Volumetric capacity is of critical importance for a given storage system if it is to find practical applications. As shown in Figure , although MFM-112a[18] shows comparably higher gravimetric H2 uptakes than MFM-132a at high pressures (>10 bar), MFM-132a exhibits higher volumetric total H2 uptake of 52 g L–1 at 60 bar and 77 K than that of MFM-112a (49 g L–1 under same conditions). It is worth noting that, through this report, the volumetric uptake is derived from the bulk material density on the basis of single crystals, and when the efficiency of powder packing is considered, the uptakes will be reduced accordingly. Significantly, the total volumetric H2 uptake for MFM-132a is comparable with the best-behaving MOFs to date such as MOF-177,[23,24] anhydrous MOF-5,[25] and NU-100[19b] (Table ).

In order to evaluate the favored adsorption sites within the cages, in situ NPD studies on D2-loaded MFM-132a at low surface coverage of 0.5 and 1.0 D2/Cu (1.0 D2/Cu corresponds to 0.47 wt % of H2 uptake in MFM-132a) have been performed. Le Bail analyses of the NPD patterns indicated that the unit cell parameters of MFM-132a at different gas loadings remain essentially constant, confirming the structural rigidity of MFM-132a. The positions of adsorbed D2 molecules were identified in the difference neutron scattering Fourier maps derived from Rietveld refinements of the NPD patterns for both the bare and gas-loaded samples.
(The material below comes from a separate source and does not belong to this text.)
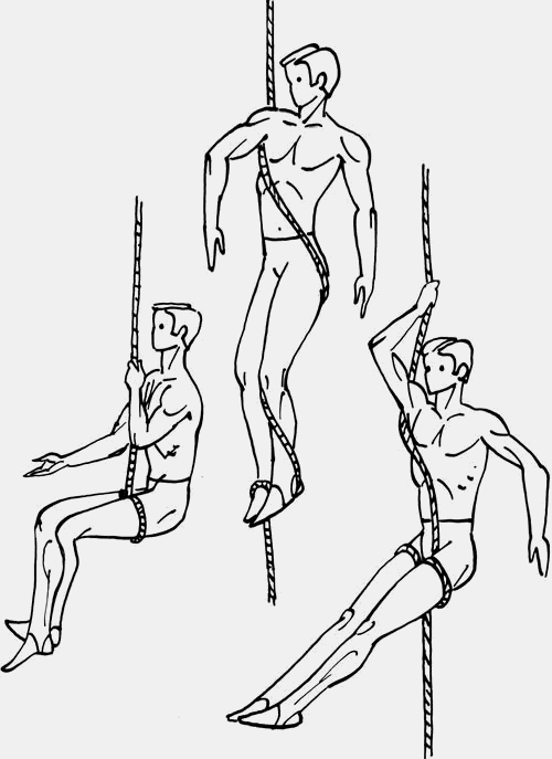 Рис 25 - «восьмеркой» - поднять ноги вперед и зажать между ними канат; скрестив ноги, освободить одну руку; взять канат снизу, перекинуть его через бедро и пропустить между ногами, взять канат снизу другой рукой и перекинуть его через бедро другой ноги; держаться за канат одной рукой (рис. 25,в). Date: 2015-08-06; view: 2650; Нарушение авторских прав |

At 0.5 D2/Cu loading, the Rietveld analysis revealed three different D2 binding sites (Figure ). Surprisingly, instead of the open Cu(II) site, the first adsorption site for D2 (A1) was located within the central pocket created by the triangular {(Cu2)3(isophthalate)3} window and three anthracene units. Site A1 is 3.260(11) Å away from the closest H atoms on the anthracene units at the bottom of the pocket and is in close contact with the surrounding isophthalate rings at a distance of 3.863(10) Å. This result is in contrast to all other NPD studies on MOFs,[28−33] which uniformly find that the open metal site is the strongest binding site for D2, with the exception of the rare earth material [Y(BTC)] (BTC3– = 1,3,5-benzenetricarboxylate).[34] The next site to be occupied, A2, is the open Cu(II) site (CuA), lying inside the cuboctahedral cage with a close D2 (centroid)–CuA distance of 2.07(2) Å. Interestingly, this is the shortest D2–Cu distance observed so far for D2-loaded MOFs,[35] indicating the presence of a binding of H2 molecules to the open Cu(II) sites. The other Cu(II) ion of the same paddlewheel unit (CuB) is identified as the third adsorption site A3, located outside the cuboctahedral cage and pointing toward the center of the cavity of cage D. Site A3 shows a longer D2–Cu distance of 2.329(15) Å, indicating a weaker D2–Cu binding interaction on the exterior of the cuboctahedral cage. Thus, the Rietveld analysis clearly indicates a difference for D2 binding between the two Cu(II) sites of the same {Cu2} unit. This D2 binding preference for the Cu(II) ions inside cage A in MFM-132a is consistent with the results of the NPD studies on D2-loaded MFM-112a with 0.5 D2/Cu loading,[29] indicating that the specific cuboctahedral configuration of Cu(II) cations can indeed modulate the binding interaction between the open metal site and the D2 molecule. Incorporation of bulky anthracene groups in MFM-132a affords an enclosed pocket that can accommodate binding site A1, and creates a strong overlapping potential, thereby generating an unprecedented affinity for D2 that is stronger than at the open Cu(II) sites.

Figure 4

Views of the D2 adsorption sites revealed by the Rietveld analysis of the NPD data of D2-loaded MFM-132a. The triangular {(Cu2)3(isophthalate)3} window and three anthracene units create a pocket [(a) side view; (b) top view] which accommodates the strongest binding site A1. (c) View of the three distinct adsorption sites found in cages A and D within MFM-132a. (d) View of the fourth D2 adsorption site A4 located in the center of the tetrahedral cage. Color scheme: C, gray; H, light gray; O, red; Cu, aqua; site A1, orange; site A2, green; site A3, magenta; site A4, blue.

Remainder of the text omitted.